Conclusions: An ambient AI scribe–assisted workflow improved the quality of written narrative feedback with no observed increase in instructor effort compared to human-only documentation. Although occasional inaccuracies required review, this innovation has the potential to transform feedback documentation.

JMIR Med Educ 2026;12:e89996

doi:10.2196/89996

Keywords

ambient scribe; artificial intelligence; AI; feedback; medical student education; formative assessment; competency-based education

Problem: Documentation Burden and Quality of Feedback in the Modern Assessment Paradigm

High-quality observation and feedback contribute to the development of clinical competence and professional growth in medical education. Effective feedback provides learners with specific and actionable information on their performance, which can promote deliberate practice, motivation, and engagement with ongoing feedback [1-4]. While verbal feedback is critical for collaborative discussion [5] and occurs frequently in clinical [1] and simulation settings [6], it may be limited as a tool for longitudinal reflection as learners recall few feedback points when given verbal feedback alone [5,7]. Written feedback supports self-regulated learning by allowing trainees and their supervisors to review past narratives, set goals, and refine strategies for improvement [1,8]. By providing detailed, context-rich guidance, narrative feedback can help learners focus efforts on achieving professional outcomes expected of them during training [1,9].

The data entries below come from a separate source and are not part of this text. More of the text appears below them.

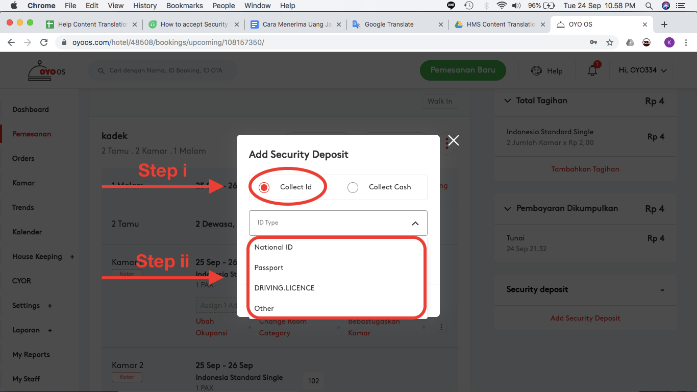 Langkah 3: Ada 2 jenis uang jaminan, 1) Setoran ID, 2) Setoran uang. Salah satu dapat diambil sebagai deposit, untuk dikembalikan pada saat check out.
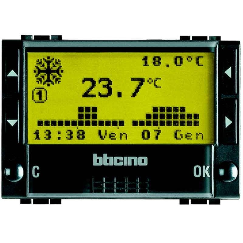 Cronotermostato incasso (in qualsaisi scatola 3 posti) Bticino colore antracite. Il cronotermostato collegato alla caldaia o climatizzatore serve per programmare l'accensione e lo spegnimento e anche la temperatura desiderata.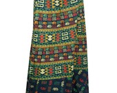 Womens Maxi Skirt, Strapless Dress Green Yellow Floral Printed Recycled Sari Summer Bohemian Skirt S/M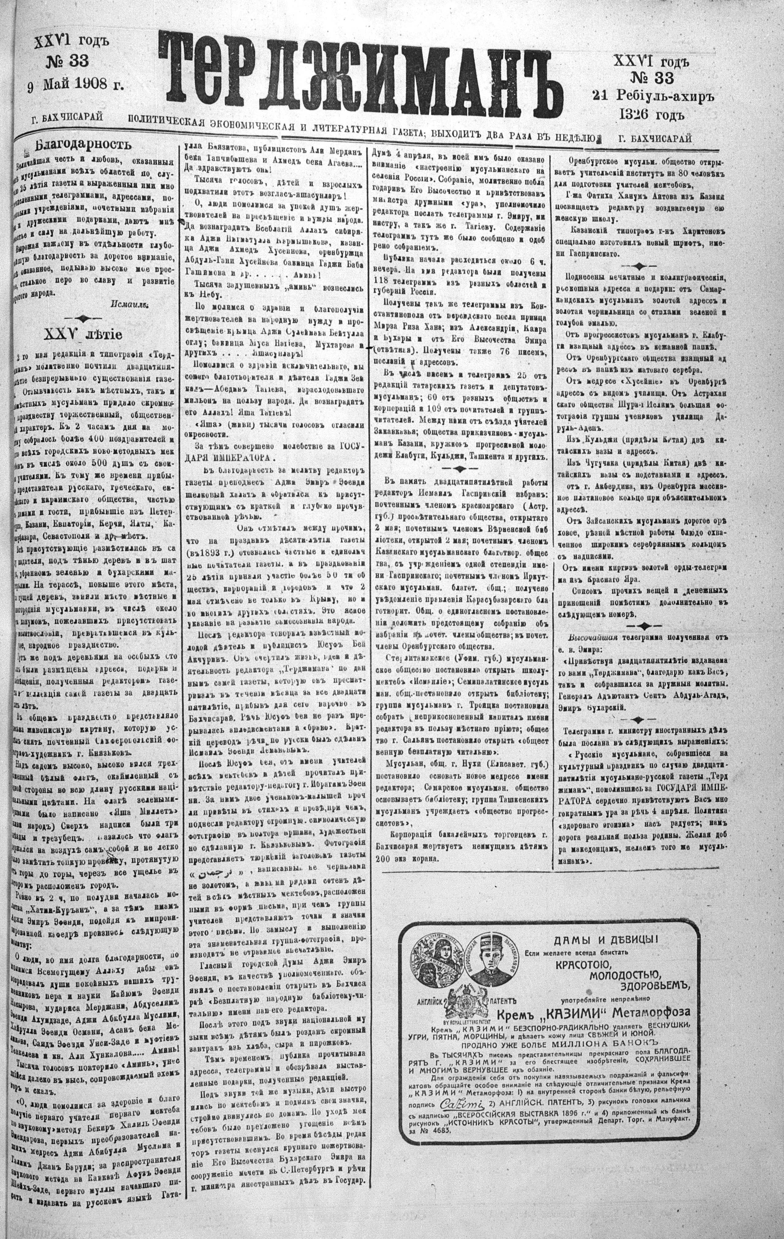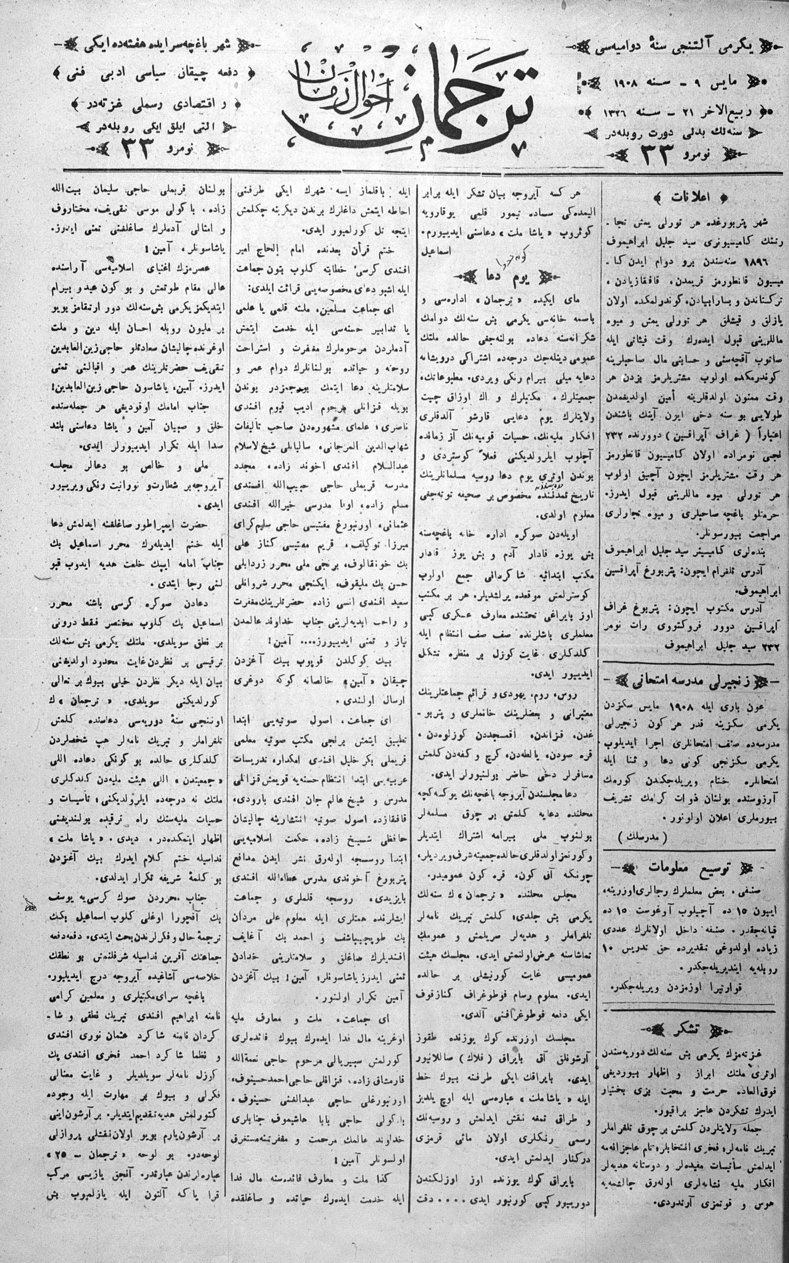 Tercüman, 09 May 1908 Year 26 No 33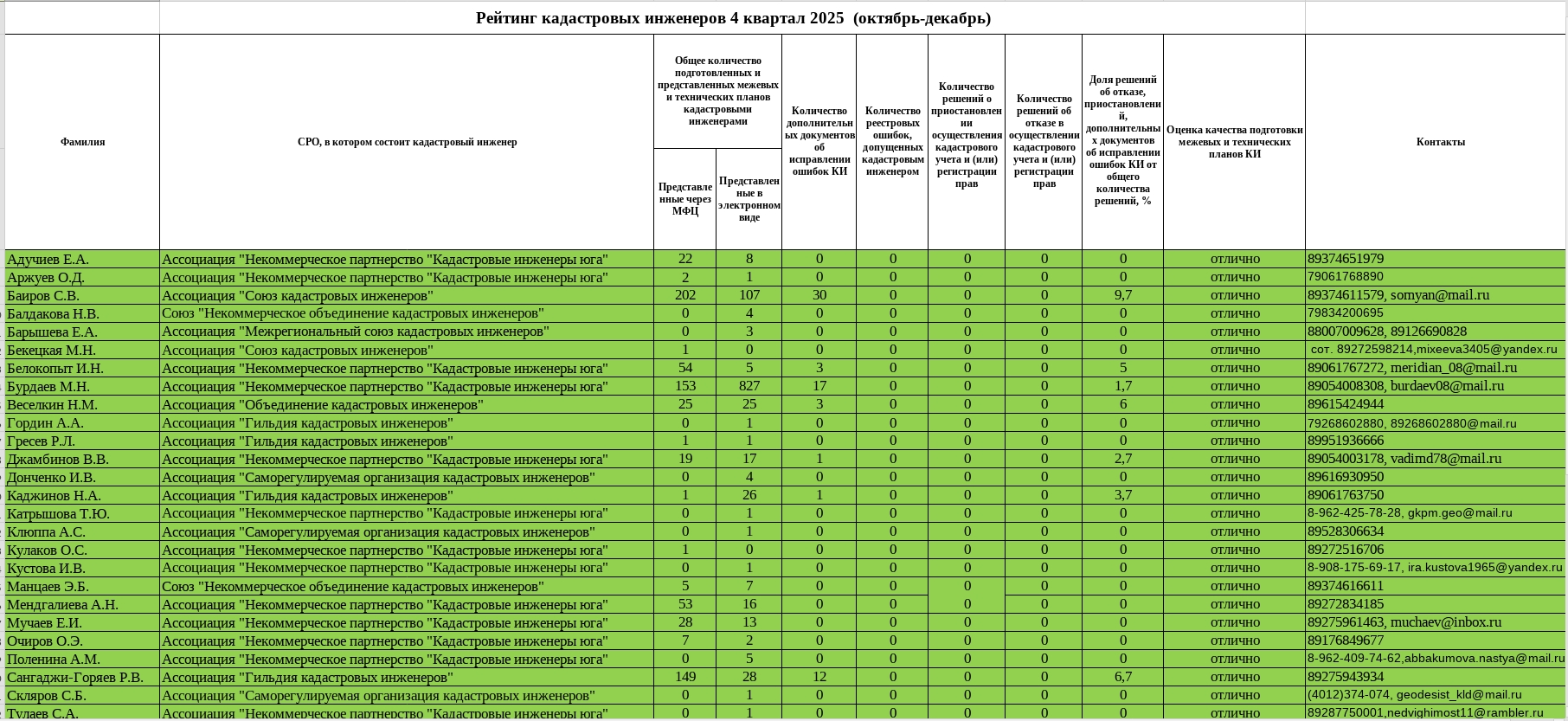 Росреестр Калмыкии подготовил очередной независимый рейтинг. В нем представлены специалисты, оказывающие услуги по межеванию земельных участков, подготовке технических планов и паспортов, а также других документов, необходимых для постановки недвижимости на кадастровый учет. Рейтинг разбит на три зоны, в зеленую попали 27 инженеров из 49. Их деятельность оценивается на «отлично»: доля приостановлений и отказов – менее 10 %.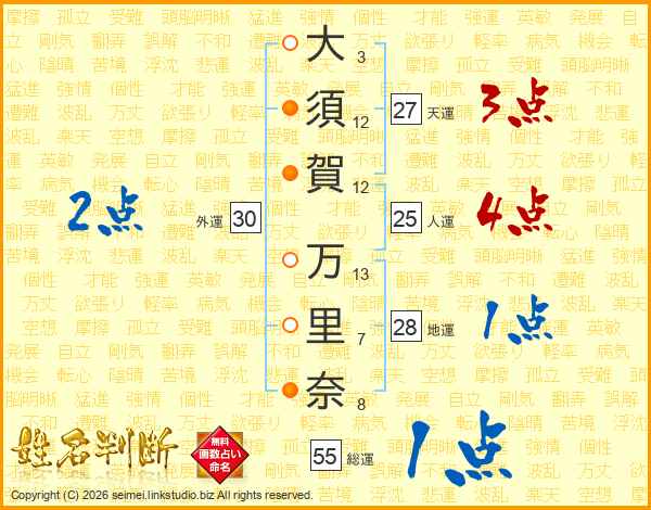 大(3画)須(12画)賀(12画) 万(13画)里(7画)奈(8画)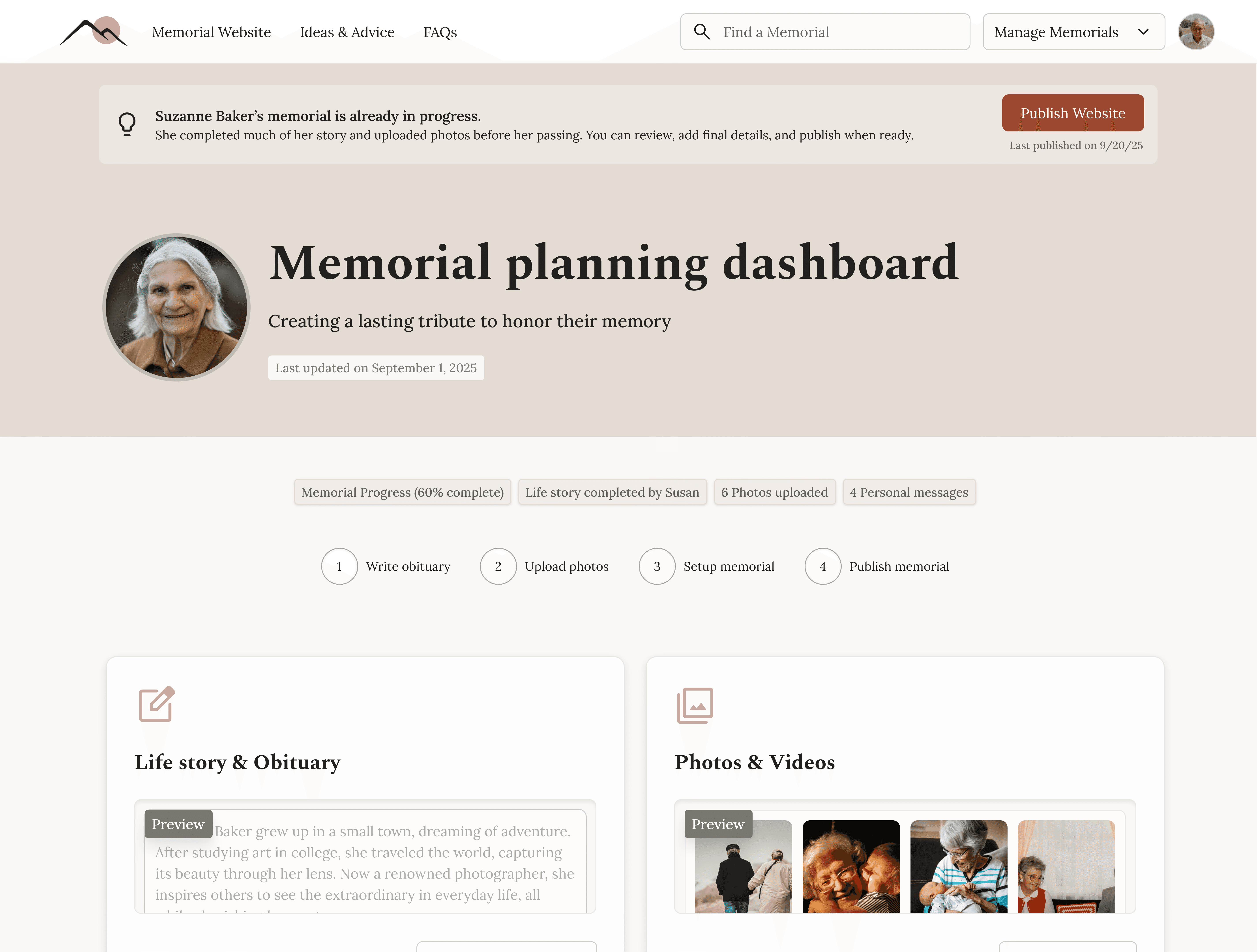 Scroll below to view full Memorial planning dashboard page.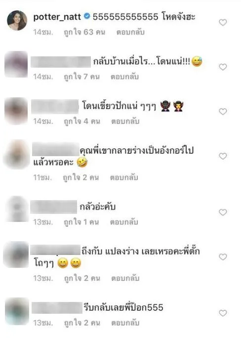 และเล่าว่า แค่เถลไถลก่อนกลับบ้านนิดหน่อย สามีเลยส่งรูปนี้มาให้ โถ่ๆๆๆๆๆ ทำเอานักแสดงสาว แนท อนิพรณ์ โผล่แซวเลยว่า โหดจังฮะ และงานนี้แฟนคลับก็เข้ามาคอมเม้นท์สนั่นเลยว่ารีบกลับบ้านด่วนเลย 5555 หยอกล้อกันเป็นหนุ่มสาวจริงๆคู่นี้

In recognition of the value of both verbal and written feedback, accreditation bodies such as the Liaison Committee on Medical Education emphasize the importance of defined competencies within a robust assessment system that includes narrative feedback [10]. Unfortunately, medical educators faced with competing responsibilities and increased educational documentation burden [11] struggle to convert real-time verbal observations into meaningful written feedback [1]. As a result, rather than serving as a tool to promote learning, formative assessment is often reduced to a checklist activity disconnected from best practices for feedback. Brief, nonspecific narratives are common and diminish the educational value of written feedback [11,12].

Solution: Ambient Artificial Intelligence Scribes in Educational Practice

Ambient artificial intelligence (AI) refers to AI embedded into environments, working continuously in the background to support human tasks [13]. Ambient AI scribes have seen rapid adoption to address the growing documentation burden in clinical practice. Ambient AI scribes passively capture and document physician-patient conversations into structured clinical notes [14]. There is early evidence suggesting that these tools reduce administrative burden while maintaining or improving documentation quality [15,16]. The potential for this technology to extend beyond patient care into medical education is compelling. By capturing and structuring verbal formative feedback provided by faculty in real time, ambient AI scribes could generate written records of learner performance. These “educational feedback notes” could transform narrative workflows similar to the way in which AI-generated clinical notes are transforming clinical practice [17].

Gap: No Use in Medical Education Settings

Despite the promise of ambient AI scribes in clinical settings, their application in medical education remains unexplored. No studies have described the use of these tools in directly observed encounters or small-group teaching settings, examined whether they can reliably capture narrative feedback in teaching contexts, compared how their outputs align with best practices for written feedback, or determined whether faculty perceive them as usable while actively teaching. No extensions to summarize data into educational feedback notes currently exist. The potential for ambient AI scribes to transform feedback documentation in education remains untested.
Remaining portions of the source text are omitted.